Items listed in a dataset:
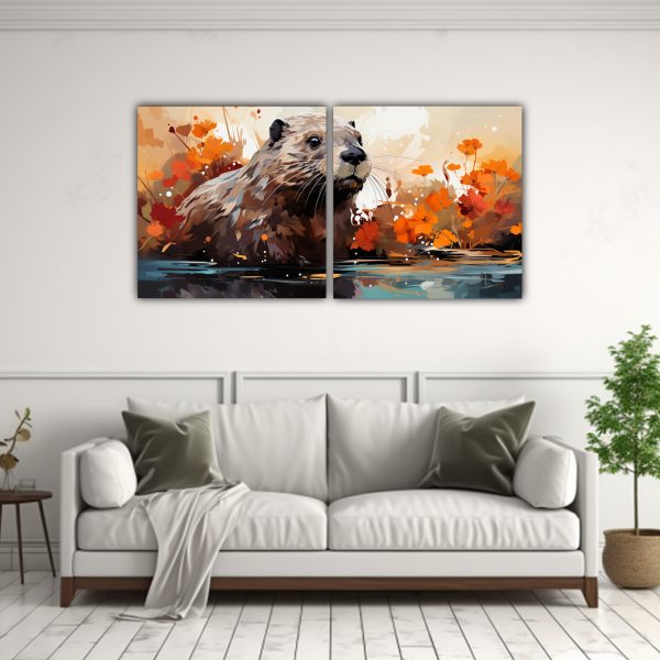 Pintura Moderna De Un Castor En Colores Rubí Y Dorados En Estilo Neo Pop.
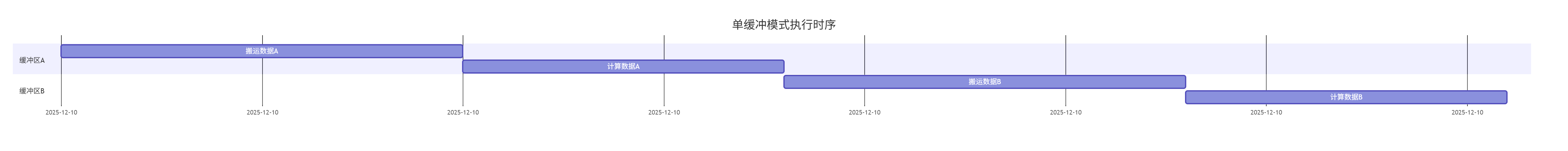 关键瓶颈识别:在典型的AI计算中,数据从Device DDR到Local Memory的搬运时间往往占据60%-70% 的核函数执行时间。传统的单缓冲模式下,计算核心在等待数据搬运时完全空闲,硬件利用率极低。
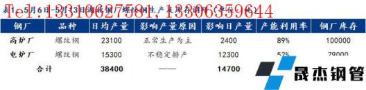 調研數據顯示,統計的湖北地區15家建筑厚壁無縫鋼管樣本無縫厚壁鋼管廠家中,本周2家無縫厚壁鋼管廠家螺紋鋼產線維停產狀態,其余無縫厚壁鋼管廠家以不飽和生產居多;線盤產線部分縮短排產時間,主要是電弧爐企業生產處于虧損狀態,產量小幅下降。廠庫方面,隨著本周價格弱勢震蕩運行,無縫厚壁鋼管廠家出貨節奏放緩,廠內建材庫存總量有所增加,總體庫存壓力較小。本周具體螺紋鋼及盤螺產量及庫存數據如下:
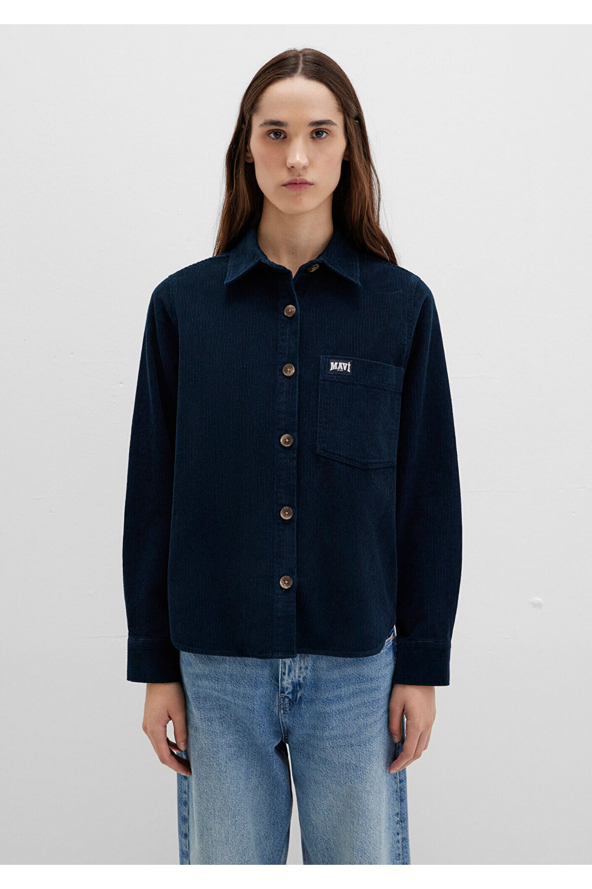 پیراهن مخمل سرمهای طرحدار، فیت معمولی / برش معمولی ۱۲۱۱۲۷۷-۸۰۸۷۲
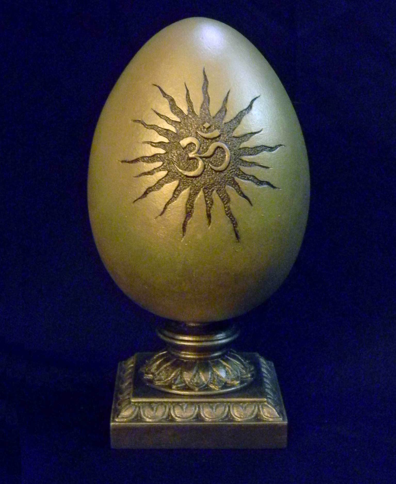 "Начало всех начал" "Яйцо мира Брахмы» Согласно легенде, Брахма родился в воде, в которую Вишну вложил свое семя, которое позже превратилось в Золотое яйцо, своего рода космический зародыш. Из этого золотого яйца был рождён Брахма. Мысленно он расколол яйцо пополам. Из одной половины он создал небо, Божественную сферу, из другой — землю и все живое. Скульптура для дома, салона, галереи, рабочего места. Материал: литьевой пластик, тонировка под золото или бронзу. Если материал «бронза», стоимость скульптуры будет больше.
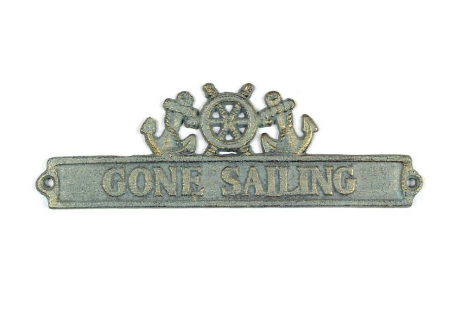 Ideal for posting in any nautical themed room, this brilliant "Antique Bronze Cast Iron Gone Sailing Sign with Ship Wheel and Anchors 9" clearly gets its point across. With a textured, rustic framing and body, this distinctive nautical metal wall art plaque is easily mountable. Display this nautical decor sign on your boat or in your nautical home and show your affinity for the sea-faring lifestyle to those who visit.
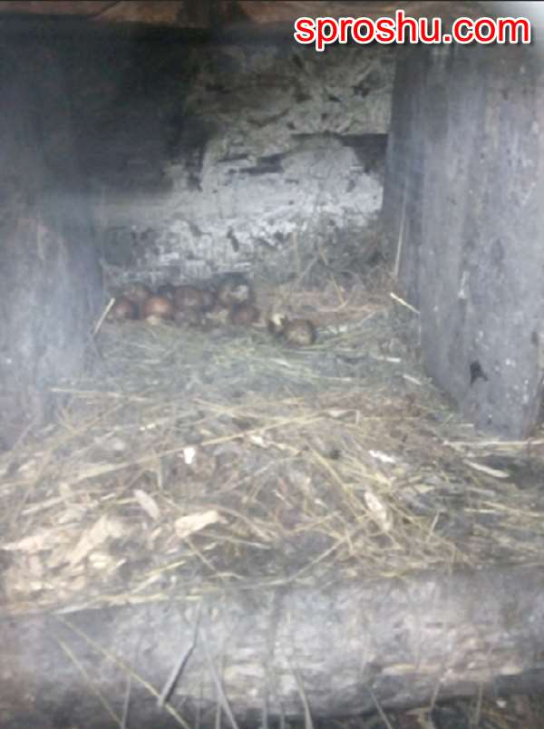 Самый вероятный вариант - крысы. Скорее всего куриное гнездо было промежуточным местом хранения стратегически важного запаса как самое удобное на пути к норе, а дальше что-то пошло не так. Крысу могли спугнуть проснувшиеся люди или кошки и свое сокровище она не успела перенести в норку, или же причина банальная - картошка попросту по размеру не пролезла в нору.

What you are asked to do:
Pictures are to be left out; please print the rest of the records above word for word.

Answer box:
 Pintura Moderna De Un Castor En Colores Rubí Y Dorados En Estilo Neo Pop.
 关键瓶颈识别:在典型的AI计算中,数据从Device DDR到Local Memory的搬运时间往往占据60%-70% 的核函数执行时间。传统的单缓冲模式下,计算核心在等待数据搬运时完全空闲,硬件利用率极低。
 調研數據顯示,統計的湖北地區15家建筑厚壁無縫鋼管樣本無縫厚壁鋼管廠家中,本周2家無縫厚壁鋼管廠家螺紋鋼產線維停產狀態,其余無縫厚壁鋼管廠家以不飽和生產居多;線盤產線部分縮短排產時間,主要是電弧爐企業生產處于虧損狀態,產量小幅下降。廠庫方面,隨著本周價格弱勢震蕩運行,無縫厚壁鋼管廠家出貨節奏放緩,廠內建材庫存總量有所增加,總體庫存壓力較小。本周具體螺紋鋼及盤螺產量及庫存數據如下:
 پیراهن مخمل سرمهای طرحدار، فیت معمولی / برش معمولی ۱۲۱۱۲۷۷-۸۰۸۷۲
 "Начало всех начал" "Яйцо мира Брахмы» Согласно легенде, Брахма родился в воде, в которую Вишну вложил свое семя, которое позже превратилось в Золотое яйцо, своего рода космический зародыш. Из этого золотого яйца был рождён Брахма. Мысленно он расколол яйцо пополам. Из одной половины он создал небо, Божественную сферу, из другой — землю и все живое. Скульптура для дома, салона, галереи, рабочего места. Материал: литьевой пластик, тонировка под золото или бронзу. Если материал «бронза», стоимость скульптуры будет больше.
 Ideal for posting in any nautical themed room, this brilliant "Antique Bronze Cast Iron Gone Sailing Sign with Ship Wheel and Anchors 9" clearly gets its point across. With a textured, rustic framing and body, this distinctive nautical metal wall art plaque is easily mountable. Display this nautical decor sign on your boat or in your nautical home and show your affinity for the sea-faring lifestyle to those who visit.
 Самый вероятный вариант - крысы. Скорее всего куриное гнездо было промежуточным местом хранения стратегически важного запаса как самое удобное на пути к норе, а дальше что-то пошло не так. Крысу могли спугнуть проснувшиеся люди или кошки и свое сокровище она не успела перенести в норку, или же причина банальная - картошка попросту по размеру не пролезла в нору.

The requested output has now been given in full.